A fifth never stood up a private index at all and pulls your code straight from git:

-e git+https://gitlab.yourco.com/platform/[email protected]#egg=yourco-clients

And because the package is private, every consumer that does use the index carries routing config that points at it, the way an .npmrc does for a scoped npm package. In Python that lives in pip.conf, or a .netrc, or a Poetry source, or a uv index table:

# pip.conf
[global]
index-url = https://pypi.org/simple
extra-index-url = https://gitlab.yourco.com/api/v4/projects/42/packages/pypi/simple

Twenty repos adopted the package, across four or five of these mechanisms. Then you stopped counting, because nothing in your toolchain counts for you. Now you need to change it. Drop a parameter, rename an export, cut a major. The question is the one that runs through every post in this series: which repos across the org depend on this package, at which version, and which of them break when I publish?

The change you ship without shipping it

Before the tooling, the part that makes this sharper than it first looks, and it is more acute in Python than in the npm version of this same argument.
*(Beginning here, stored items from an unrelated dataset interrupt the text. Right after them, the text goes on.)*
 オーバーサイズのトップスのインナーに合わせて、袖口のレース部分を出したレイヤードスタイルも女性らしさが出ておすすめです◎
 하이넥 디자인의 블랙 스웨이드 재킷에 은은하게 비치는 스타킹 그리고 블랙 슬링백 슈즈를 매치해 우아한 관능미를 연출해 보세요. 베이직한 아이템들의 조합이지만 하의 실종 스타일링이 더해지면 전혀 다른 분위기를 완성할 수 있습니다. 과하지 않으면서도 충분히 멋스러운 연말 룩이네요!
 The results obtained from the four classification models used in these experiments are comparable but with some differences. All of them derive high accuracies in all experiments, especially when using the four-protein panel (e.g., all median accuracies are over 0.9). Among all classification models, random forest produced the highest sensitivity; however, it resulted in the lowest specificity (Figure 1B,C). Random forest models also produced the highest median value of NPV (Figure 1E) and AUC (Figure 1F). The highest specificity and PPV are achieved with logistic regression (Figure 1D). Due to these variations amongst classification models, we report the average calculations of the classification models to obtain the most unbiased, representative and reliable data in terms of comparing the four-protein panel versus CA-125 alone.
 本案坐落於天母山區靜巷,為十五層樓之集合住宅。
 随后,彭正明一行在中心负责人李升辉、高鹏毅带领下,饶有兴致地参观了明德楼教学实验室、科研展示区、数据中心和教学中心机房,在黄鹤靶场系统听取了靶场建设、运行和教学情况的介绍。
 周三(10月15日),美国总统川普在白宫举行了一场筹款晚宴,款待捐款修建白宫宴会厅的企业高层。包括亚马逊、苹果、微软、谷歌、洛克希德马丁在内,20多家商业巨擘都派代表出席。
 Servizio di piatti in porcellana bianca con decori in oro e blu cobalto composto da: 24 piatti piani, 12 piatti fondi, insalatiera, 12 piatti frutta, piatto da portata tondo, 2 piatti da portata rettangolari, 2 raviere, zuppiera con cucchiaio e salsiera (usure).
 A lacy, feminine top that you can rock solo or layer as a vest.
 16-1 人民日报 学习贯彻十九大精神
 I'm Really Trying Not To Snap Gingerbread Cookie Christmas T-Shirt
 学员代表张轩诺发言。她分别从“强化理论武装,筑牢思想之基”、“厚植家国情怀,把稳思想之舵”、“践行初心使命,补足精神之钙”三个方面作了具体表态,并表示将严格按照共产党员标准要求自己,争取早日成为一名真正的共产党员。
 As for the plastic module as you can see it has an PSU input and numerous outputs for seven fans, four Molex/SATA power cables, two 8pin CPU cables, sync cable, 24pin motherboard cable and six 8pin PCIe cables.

A loose constraint is a standing instruction to adopt your next release. A consumer on yourco-clients>=2.4 is not pinned. They will take whatever the newest version is the next time their environment is resolved fresh. The PEP 440 compatible-release operator, ~=1.7, is the same thing inside a band: it means >=1.7, <2.0, so every 1.x you publish is a candidate. Poetry’s ^2.4.1 resolves to >=2.4.1, <3.0.0, which is a subscription to every minor and patch you ship in the 2.x line.

Python makes this land more easily than npm does, for one structural reason. A very large number of Python repos have no committed lockfile. They have a loose requirements.txt that gets pip install-ed during a Docker build, on every build, against the live index. There is no poetry.lock or uv.lock holding the line. So the resolution is not a one-time event that someone reviews in a pull request. It happens every time the image is rebuilt, silently, on the consumer’s schedule rather than yours. You did not roll out your 2.5.0. They did, the next time CI ran, and the first you hear of a regression is somebody else’s red pipeline.

This is not a fringe worry, it is being actively argued about right now. uv, the fast-rising resolver, defaults to constraints with no upper bound, which means uv lock --upgrade will happily pull a breaking major across every transitive dependency, and the friction of that has pushed uv to add a --bounds option so uv add can produce a safer >=2.13.4,<3.0.0. The community has not settled on how tight constraints should be. While that argument runs, your consumers are scattered across every position on the spectrum, and you cannot see which.

The reverse case is just as bad in the other direction. When you do the honest thing and cut a genuine breaking change as a major, 2.x to 3.0.0, a <3.0 pin or a Poetry caret correctly refuses to follow. That is the right behaviour. It also leaves you with a long tail of repos stranded on the old major, indefinitely, with no list of who they are. You cannot deprecate 2.x because you cannot see who is still on it.

Either way the constraint is the mechanism, and the constraint is exactly what a quick search across your repos cannot evaluate. You need to know who consumes the package and how their constraint relates to what you are about to publish. Both halves of that live in files most audits never open, in formats most scripts do not all parse.

What existing tools give you (and where they stop)

I want to be fair to the options, because several are genuinely useful for the slice they cover, and I reach for some of them myself.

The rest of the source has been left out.